Lori Kido Lopez is an American media activist and a professor of Media and Cultural Studies at the University of Wisconsin-Madison, whose research centers on depictions of Asian Americans in modern media. Additionally, she is affiliate faculty in the Department of Women's Studies and the director of the Asian American Studies Program. She most notably wrote Asian American Media Activism: Fighting for Cultural Citizenship, which was published in 2016 by New York University Press. She is also a Co-Editor of the Routledge Companion to Asian American Media. Lopez’s work explores minorities’ use of media to gain social justice.
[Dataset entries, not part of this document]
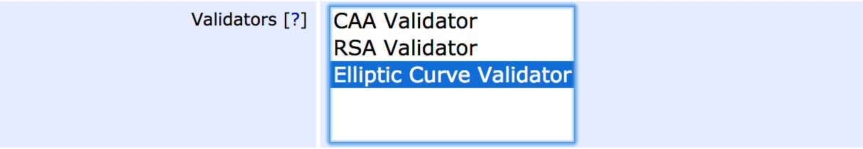 Validators can be created and edited in the CA UI and are chosen per CA for use.
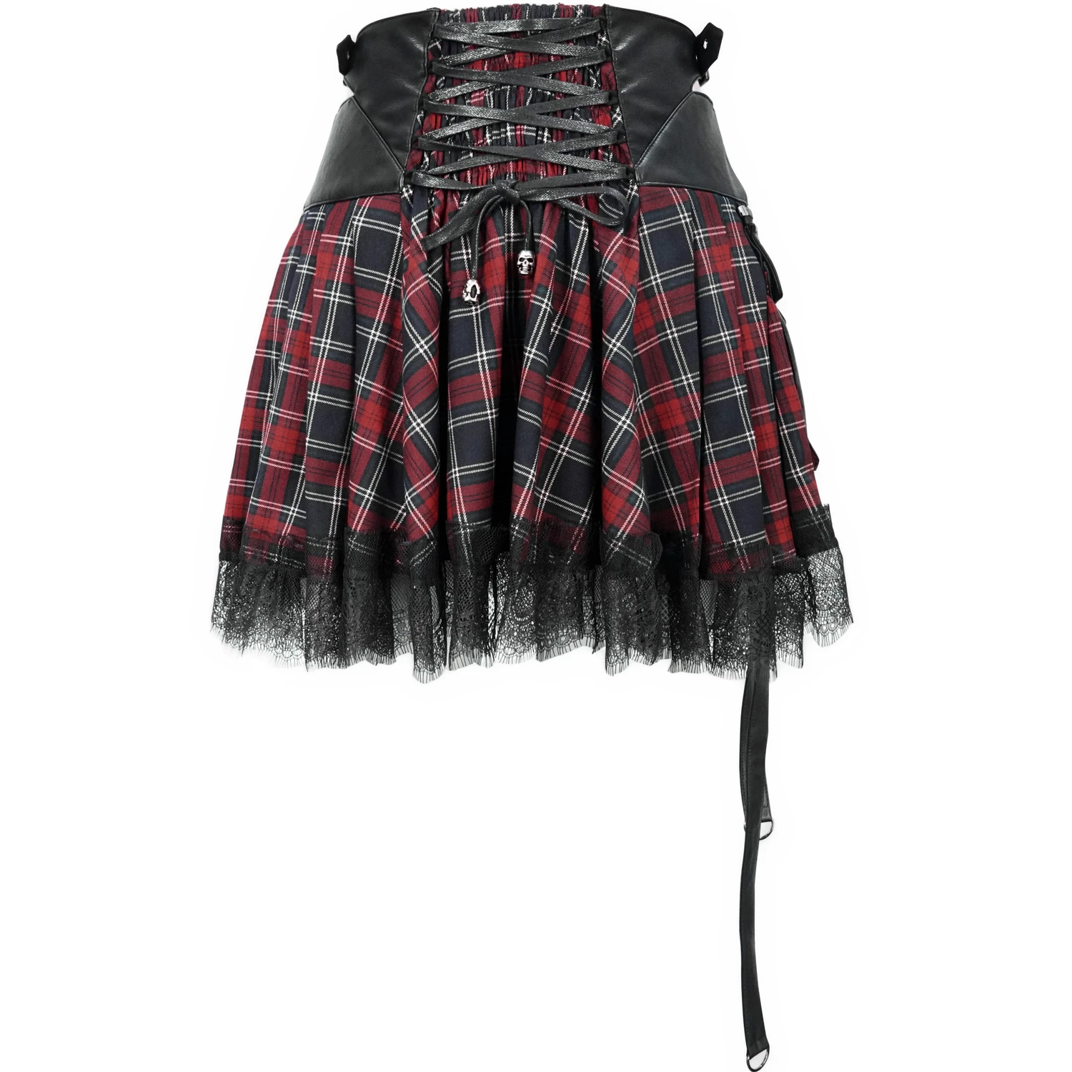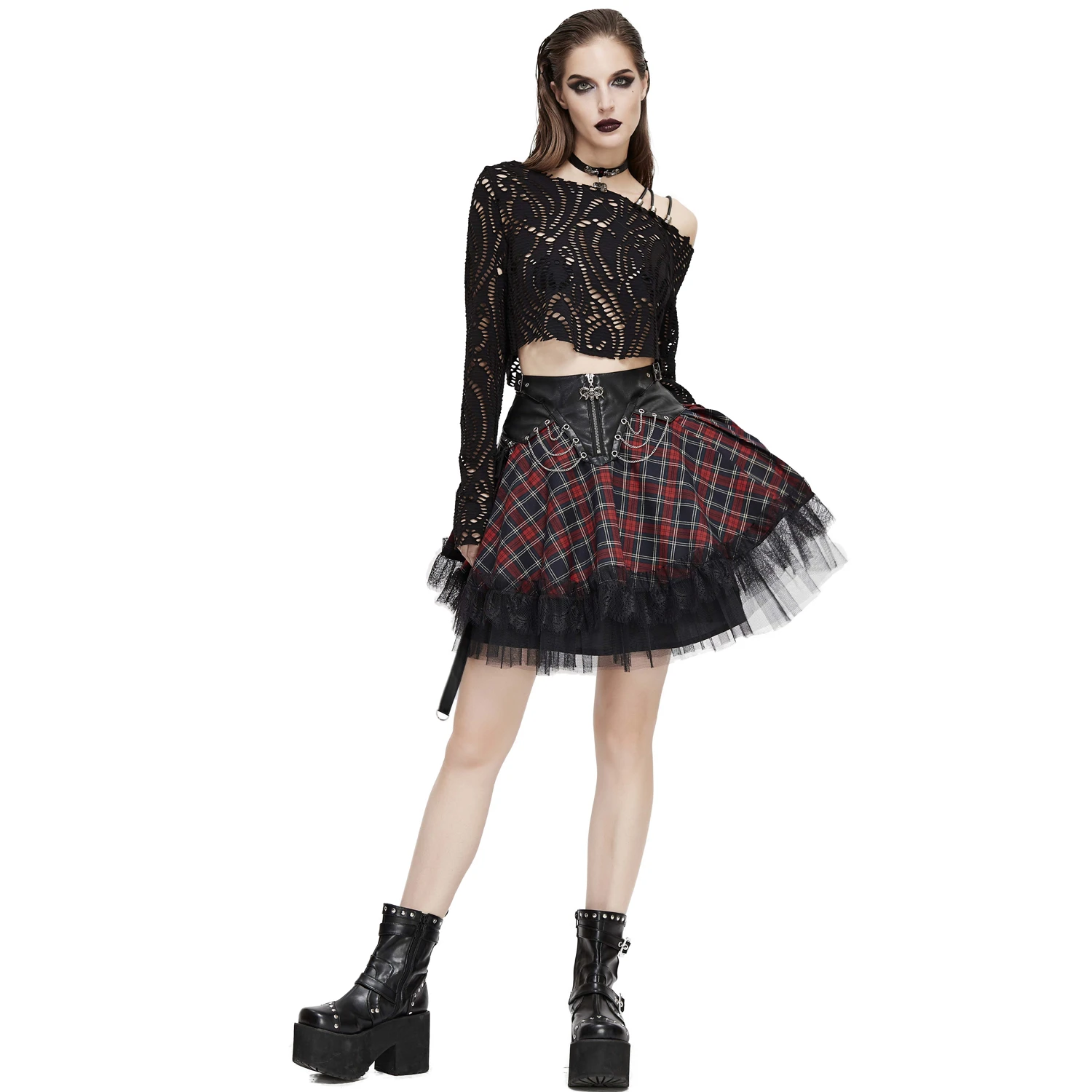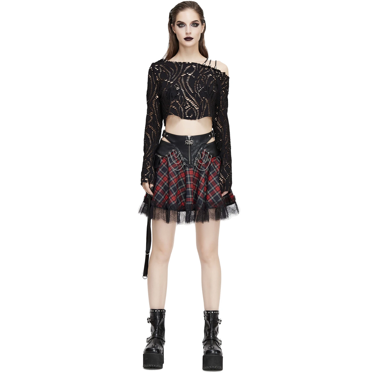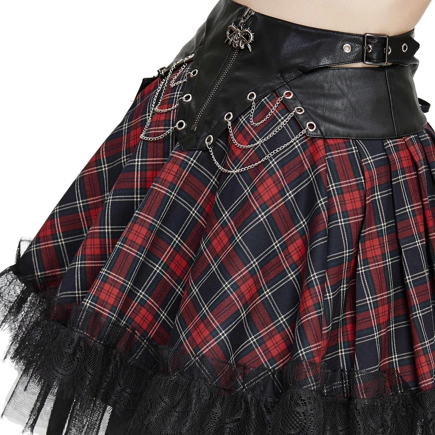 • En plaid écossais, avec la taille en simili cuir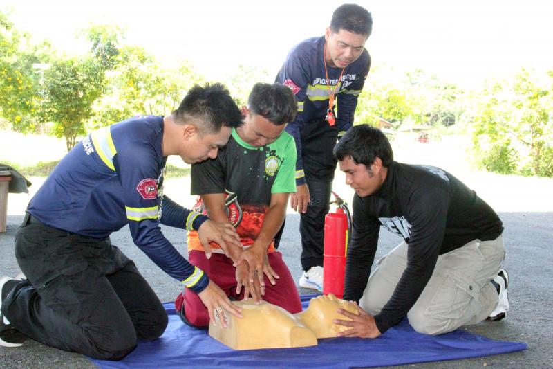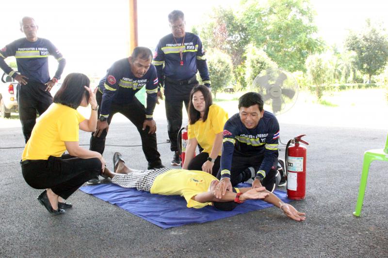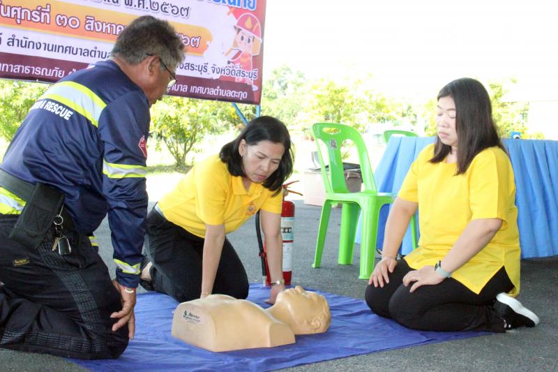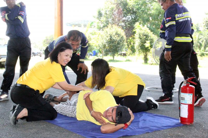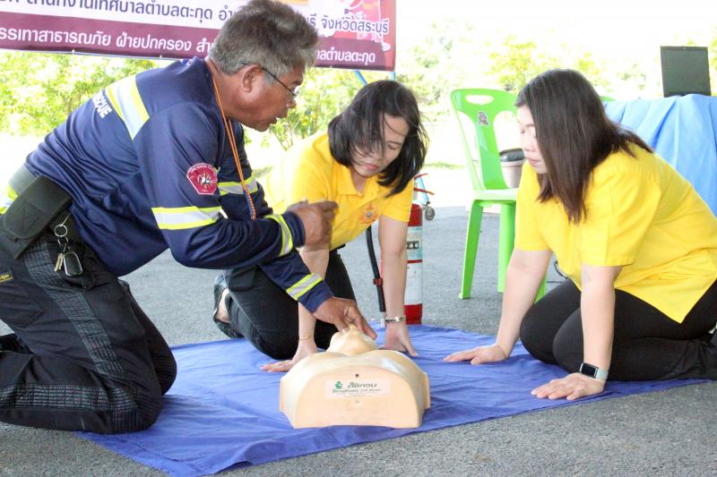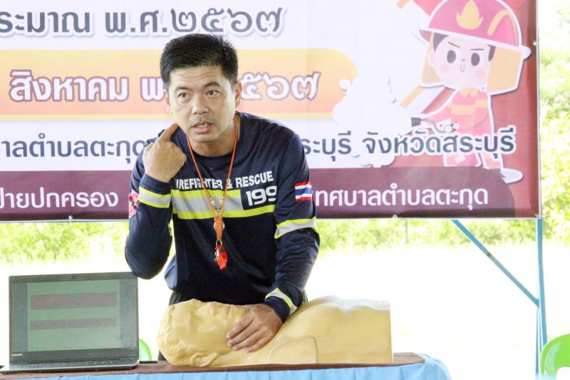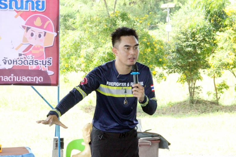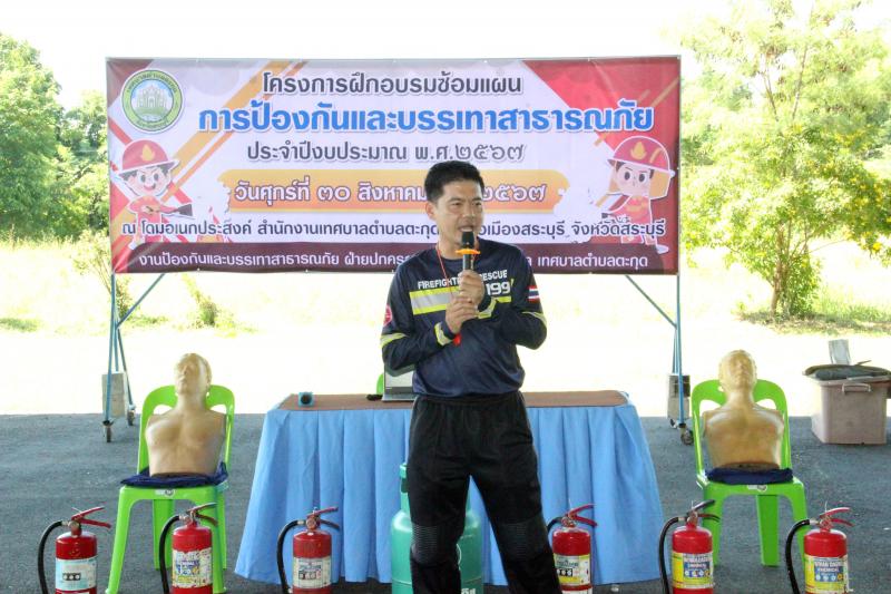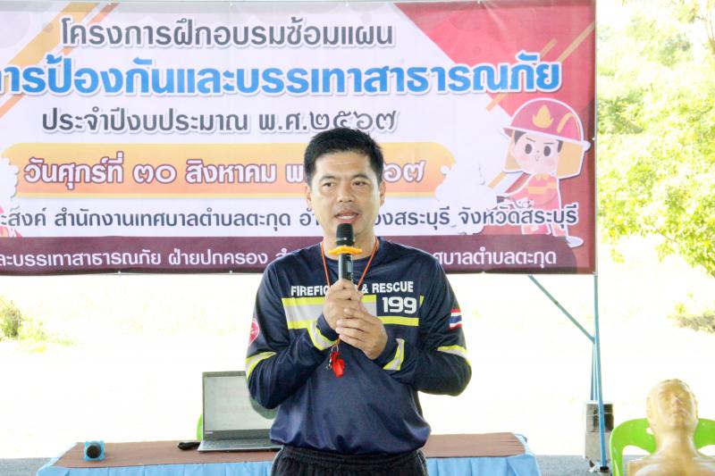 รายละเอียด : วันศุกร์ที่ 30 สิงหาคม 2567 เวลา 09.00 น. เทศบาลตำบลตะกุด นำโดย นางสาวสิริกัลยา เนตรอินทร์ นายกเทศมนตรีตำบลตะกุด เป็นประธานเปิดโครงการฝึกอบรมซ้อมแผนการป้องกันและบรรเทาสาธารณภัย ประจำปีงบประมาณ 2567 ณ โดมอเนกประสงค์เทศบาลตำบลตะกุด พร้อมด้วย คณะผู้บริหารเทศบาล ประธานสภาเทศบาล สมาชิกสภาเทศบาล เขต 1 , เขต 2 ปลัดเทศบาล หัวหน้าส่วนราชการ เจ้าหน้าที่เทศบาล และเจ้าหน้าที่ป้องกันฯ ของเทศบาลตำบลตะกุด วัตถุประสงค์เพื่อให้ผู้เข้าร่วมโครงการมีทักษะ มีความรู้ในการช่วยชีวิตขั้นพื้นฐานและปฐมพยาบาลเบื้องต้นอย่างถูกต้อง การจัดโครงการในครั้งนี้ เทศบาลตำบลตะกุด ขอขอบคุณ นายกิตติศักดิ์ ธงวันเทียะ ตำแหน่ง หัวหน้าฝ่ายส่งเสริมการป้องกันฯ สำนักงานป้องกันฯจังหวัดสระบุรี , นายณัฐวุฒิ เอี่ยมนิล ตำแหน่ง เจ้าพนักงานป้องกันฯ สังกัด เทศบาลตำบลวิหารแดง , นายเอกชัย คงสมใจ ตำแหน่ง เจ้าพนักงานป้องกันฯ สังกัด เทศบาลเมืองพระพุทธบาท ที่มาเป็นวิทยากรอบรมให้ความรู้เกี่ยวกับวิชาสาธารณภัยในพื้นที่และความปลอดภัยในสถานที่ทำงาน/การปฐมพยาบาลเบื้องต้นและการช่วยเหลือผู้ประสบเหตุอาหารติดที่ลำคอ การฟื้นคืนชีพ CPR ทฤษฎี/สาธิต/ฝึกปฏิบัติทฤษฎีการเกิดไฟ/ประเภทของไฟ/ประเภทของถังดับเพลิง/การดับเพลิง/จิตวิทยาต่อเหตุไฟไหม้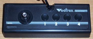 The Vectrex Controller was the standard controller for all Vectrex units. It consisted of an 8-directional joystick and four action buttons on a rectangular base. The Player 1 controller was hard-wired to the unit, while the Player 2 controller was detachable.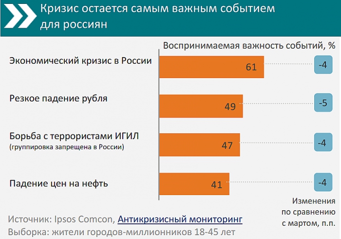 В апреле важность кризиса для россиян продолжила снижаться, число жителей России, которые считают экономический кризис самым значимым событием сократилось с 66% до 61%. Такие данные содержатся в ежемесячном Антикризисном мониторинге компании Ipsos Comcon.

==Early life and education==
Lori Kido Lopez is from Portland, Oregon, and was born to parents Sharlene and Doug DesRochers with siblings Keith DesRochers and Kelli Ledeen. She got her undergraduate degree from Pomona College and continued on to graduate school at Indiana University Bloomington where she earned a masters in mass communication. Lopez then received her PhD in communication at the University of Southern California. In 2005 and 2006 Lopez was a production assistant for the films “Novel Romance,” “The Ape,” and “Fool's Gold.”

== Career and activism ==
Lopez is a professor at University of Wisconsin-Madison where she teaches a media analysis course as well as courses evaluating the relationship between identity and media using feminist theory, critical race theory, and media theory to analyze how marginalized communities have been portrayed in media over time and how they have engaged with this.

==Awards==
She was recently chosen to be the 2017 recipient of the Early Career Achievement Award from the Association for Asian American Studies. In 2015, Lopez was honored as one of UW-Madison's Outstanding Women of Color. This award recognizes members of the university's community for "social justice; advocacy for disadvantaged and/or marginalized populations; scholarly research, writing, speaking and/or teaching about race, ethnicity and indigeneity in American society; and community building to create an inclusive and respectful environment on or off campus."

==Other activities==
In 2016, Lopez started "Asian-American Media Spotlight", an annual film festival in Madison, Wisconsin, showcasing films created by Asian-Americans. This is the first Asian American film festival in Madison, and was created in order for underrepresented people to be able to see images of themselves on screen and to overall create greater exposure for these films to wider audiences. Lopez started the Race & Media conference in 2014, which is now an annual conference. It highlights the intersection between critical race theory and media studies by gathering scholars from various fields. Lopez is on the board of Freedom Inc., a black and Hmong queer anti-violence organization located in Madison, Wisconsin. She is also a former board member of the Media Action Network for Asian Americans (MANAA), the first organization specifically dedicated to monitoring all forms of media to advocate for "balanced, sensitive, and positive" portrayals of Asian Americans. Past Projects include protesting against the lack of Asian American actors in the 2010 film The Last Airbender, which is based on an animation that takes place in an Asian universe and promoting television studios to air shows such as ABC's Fresh Off the Boat and Fox's The Mindy Project. While in Madison, she is currently studying communication patterns among Hmong Americans through broadcast media. In her research she is focused on how Hmong Americans are making media, what media they pay attention to, and how they are connecting to Hmong people all over the world through mobile media and digital media.

==Books==
===Asian American Media Activism: Fighting for Cultural Citizenship===
Asian American Media Activism: Fighting for Cultural Citizenship focuses on the often overlooked stories of Asian Americans who have been fighting for decades to end stereotypical portrayals of Asians in the media as well as their under-representation in film and television. Lopez explores the history of Asian American media activism through a wide array of forms and tries to understand what needs to happen in order for Asian American voices to be heard. Ultimately she finds that the Asian American fight must be understood as fighting for cultural citizenship and belonging in a nation that has long rejected them.

===Routledge Companion to Asian American Media===
Routledge Companion to Asian American Media examines the history of how Asian Americans have engaged with media through mainstream film and television to digital media. The essays included explore a wide array of topics such as intersectional Asian identities, transnational and diasporic media, and interactions with new media.